Data Analysis for Decision Making
Assignment: Build a scorecard from scratch
Deadline to submit: November 19, 2023, at 11:59PM (Paris time)
The main goal of this assignment is to write a report that explains the approach you have considered to build a scorecard by your own. We will consider the dataset “dataassignment.xlsx” . In this dataset, a bank has collected the information about payment incident for a lending portfolio of 2850 French borrowers. Our goal is to make prediction of the probability a borrower experiences a payment default on his credit conditionally to his/her characteristics. The variable we want to predict is the variable “incident” that is equal to “Yes” is the borrower has experienced a payment default, or “No” if the borrower has not experienced a payment default on his credit.
Using the Chapter 2 on probability, we want to forecast P(incident=”Yes”) using the concept of probability with multiple conditioning events as done in Example 10 of Chapter 2 for instance.
To predict the variable “incident”, you have at your disposal 8 variables.
• “income” : monthly income of the borrower (in euros).
• “duration”: credit duration of the borrower (in months).
• “amount”: credit amount of the borrower (in euros).
• “family”: “Single” if the borrower is single, “Married” if the borrower is married.

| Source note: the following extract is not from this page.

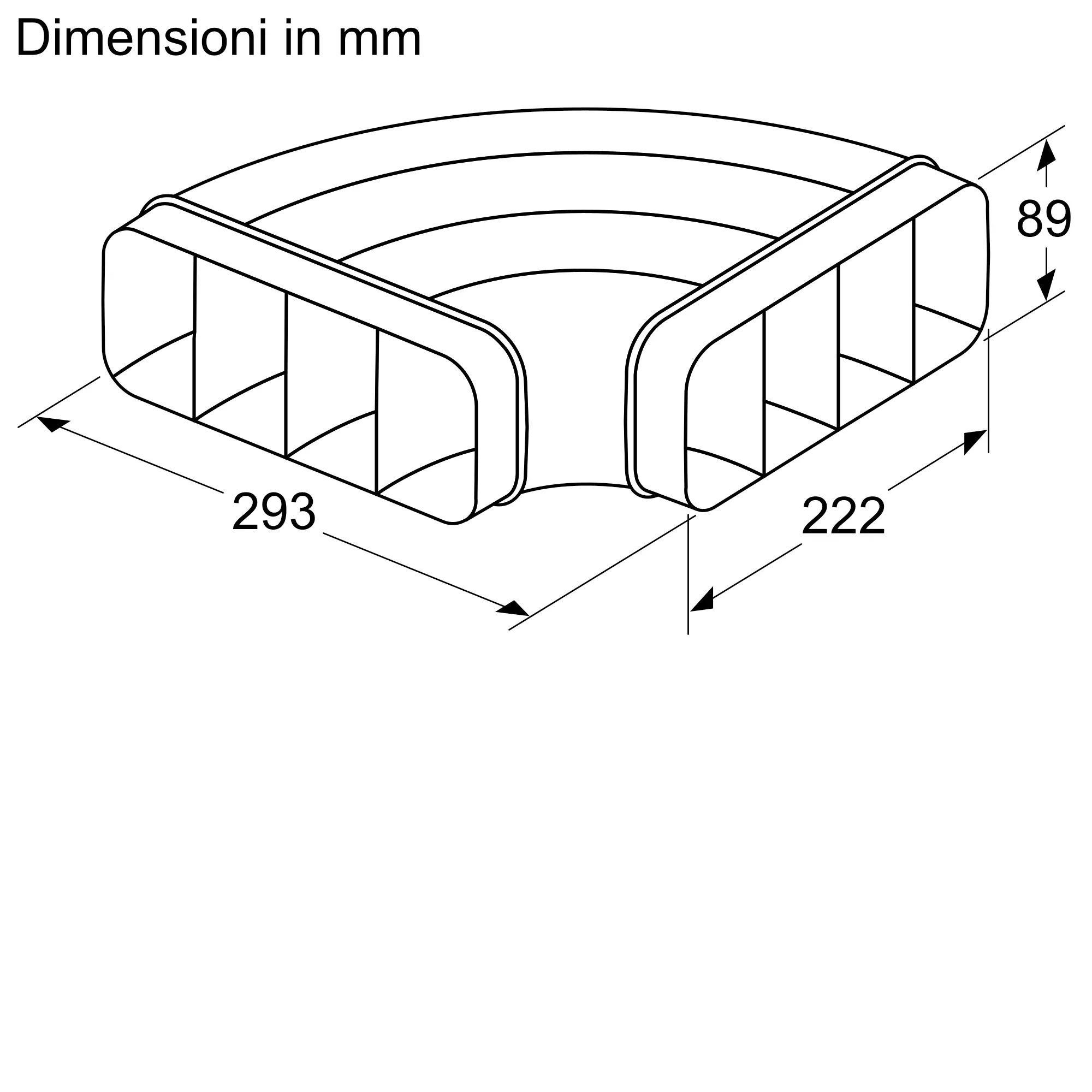 Condotto piatto curvo 90° in configurazione orizzontale (maschio).

• “seniority” : number of months since the borrower has been a bank customer.
• “credcard”: “Yes” if the borrower ownsacredit card, “No” otherwise.
• “age” : age of the borrower (in years).

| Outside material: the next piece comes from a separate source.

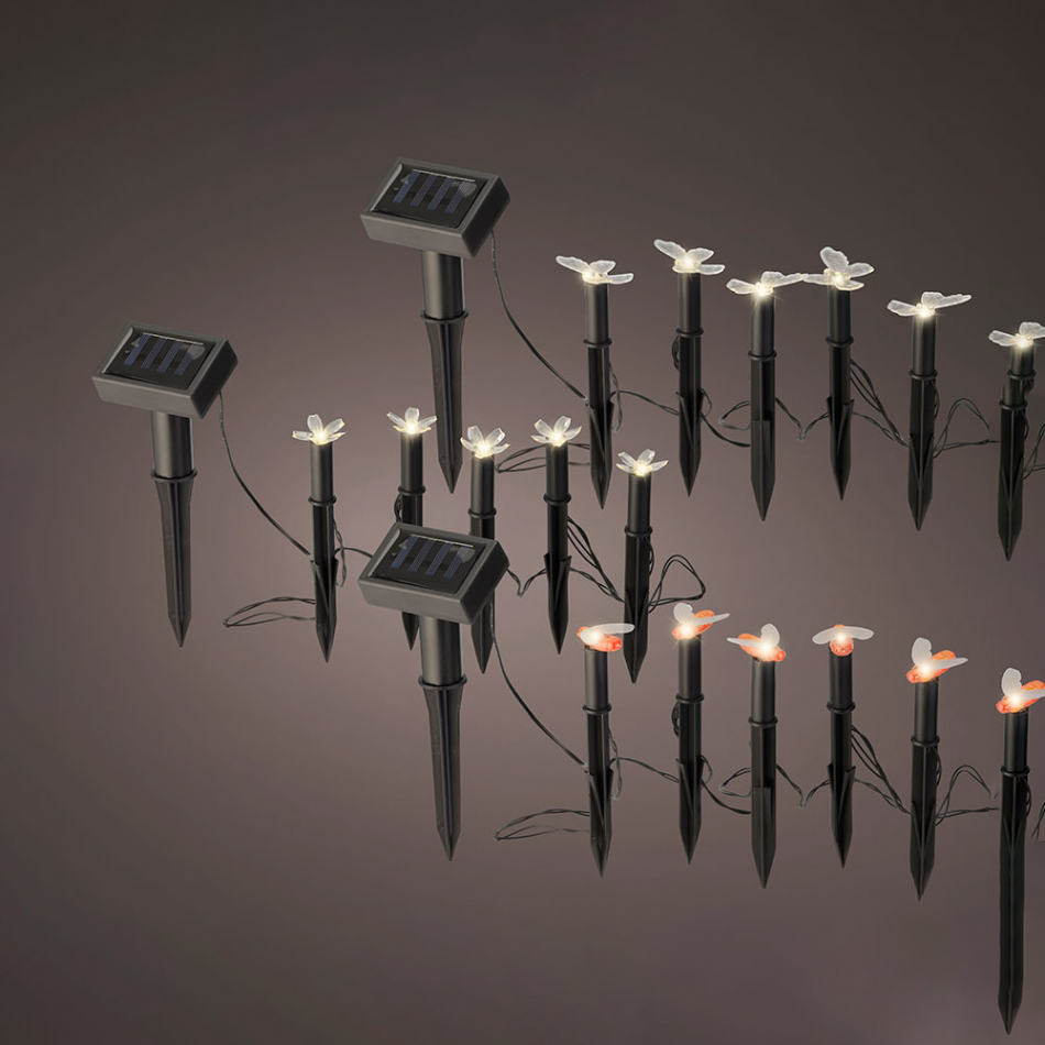 Luz de estaca solar modelos surtidos 898168 luz de estaca solar modelos surtidos con formas de flor, mariposa, abeja con luz led fija y multiple salida. panel solar policristalino y interruptor. 2v 2lm altura 17cm longitud 120cm

• “depbirth” : “Department 1”, “Department 2”, or “Department 3” according to the department of birth of the borrower.
To help the construction of the scorecard, have a look on the examples 10 and 11 of Chapter 2 that will be very useful.
In this project, I expect you to:
1. Perform a univariate analysis of the variables to get a better idea of the data. (see Chapter 1 for performing this step.)

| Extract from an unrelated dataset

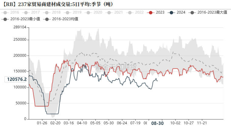 分地区来看,截至8月30日,华东地区建材成交量为6.11万吨;华北地区为2.34万吨;华南地区为3.6万吨。
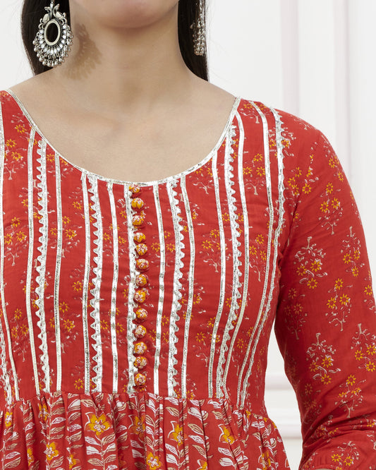 Red Cotton Hand Block Bagru Printed Tiered Dress With Gotta Lace

a. Give the list of numerical variables and categorical variables in the dataset.
b. Give a table displaying some numerical descriptive measures for the numerical variables (such as the mean, standard deviation, skewness, kurtosis, …).
c. Give frequency tables for the categorical variables.
2. Bin the numerical variables into categorical variables using the binning method of
your choice. (see Chapter 2 for performing this step.). Note that it is also possible to perform the binning step after the step 3 of variableselection. Note also that it is
possible to consider several binning methods and to compare them in order to select the method that maximizes the dependence between the conditional variables and the variable “incident”.
3. Select a subset of 3 or 4 variables (out of the 8 variables) that will be used to predict the variable “incident”. (see Chapter 5 for performing this step.)
a. You should retain the variables that display a significant dependence with the variable “incident”. Use the statistical tests of Chapter 5: Advanced statistical tests to that end:
i. Pearson test of correlation if you are analyzing the dependence between two numerical variables.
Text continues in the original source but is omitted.